Вяткина увидела: Курочкин сердился. Подумала: «Не лишнего ли наговорила?» Она опустила голову.
— Стоит появиться статье в газете — звонки, звонки… Видите ли, им не нравится то и это.
— Газета вообще беспокойное дело, вроде как на углях сидишь. — Курочкин исподлобья поглядывает на Вяткину.
— Не подумай, что я жалуюсь. Звонит один и спрашивает: «Почему в статьях не упоминается социалистический реализм?» Как будто мы в каждой статье должны отвешивать поклоны этому социалистическому реализму.
Курочкин думал: «Дело не в этом, не ясен этот принцип. Может, выдумали его, а у меня должна голова болеть. Ты начнешь этим принципом щеголять, тот же читатель, глядь, тебе и скажет: «Это, брат, пережиток». И так можешь влипнуть, и по-другому можешь влипнуть».
— Мы молчим, и все тут. Кто же может придраться?
— Говорю тебе, придираются.
— А криминала нет.
— И Сверстников придирается.
Вяткина шла домой расстроенная. Она злилась на Сверстникова, злилась на себя за то, что не удержалась и кое-что приврала Курочкину. Она знала, что Курочкин ее не выдаст, но сама себя терзала: «Это же клевета… Как это все у меня сорвалось с языка?»

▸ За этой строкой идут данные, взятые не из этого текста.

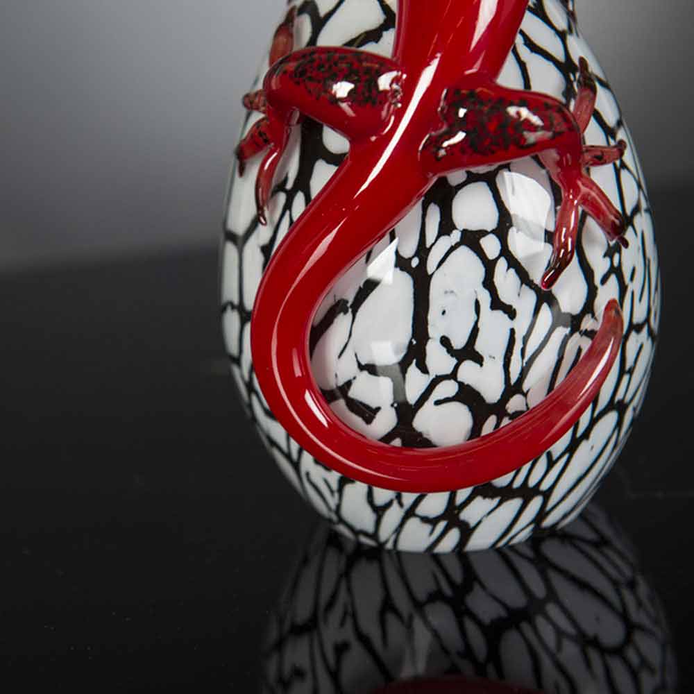 Posąg w kształcie jajka z gekonem wykonany we Włoszech ze szkła białego, czarnego i czerwonego . Ekscentryczny element dekoracyjny do przestrzeni domowych, który dzięki swojej silnej osobowości twórczejmoże nadać oryginalny charakter. Jego niezwykła i kolorowa estetyka niewątpliwie stanowi jego mocną stronę, co czyni go idealnym pomysłem dla tych, którzy uwielbiają wzbogacać domowe otoczenie w oryginalny i jednocześnie elegancki sposób dzięki przedmiotowi podkreślonemu ekskluzywnymi liniami i ponadczasową elegancją szkła i jego cudowne kolory. Rezultatem jest prosty dekoracyjny dodatek do domu, który dzięki swojej nowoczesnej duszy i awangardowemu wzornictwu może wzbogacić styl każdego domu o odrobinę koloru .
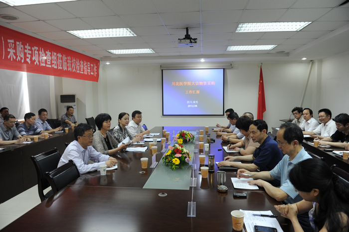 6月14日下午,四川省高校纪检监察工作第四协作组组长刘滨一行四人来校检查大宗物资(设备)采购工作。党委副书记、院长康健,党委副书记、纪委书记李成军,副院长杜勇出席汇报会。

Разговор со Сверстниковым был, конечно, неприятным. Шла Вяткина к нему с хорошим чувством, а он встретил ее сердито, она раздумала сказать ему что-то доброе — будто сквозняком выдуло все тепло из сердца.
— Значит, воюете? — спросил Сверстников.
Вяткина покосилась на него.
— Скажите мне откровенно: почему вы питаете любовь к одной части поэтов и отвергаете других, почему у вас вызывают восхищение одни писатели и отчуждение другие?
На лице Вяткиной появилось недоумение.
— Разве я дала вам повод задавать такие вопросы?
— А статья «Творчество молодых»?
— Что же там особенного?
— Подбор фамилий вас не удивляет? — Сверстников смотрел в глаза Валерии Вяткиной, она их не отводила.
— Автор вправе говорить об одних, умалчивать о других. — Вяткина исподлобья смотрела на него, как бы спрашивала: «Что вы скажете на это?»
— Верно, все это верно, но почему вы умалчиваете о поэтах, чье творчество имеет большое гражданское звучание?
Вяткина вспыхнула:
— Это уже политическое обвинение. Вы не имеете права так со мной разговаривать!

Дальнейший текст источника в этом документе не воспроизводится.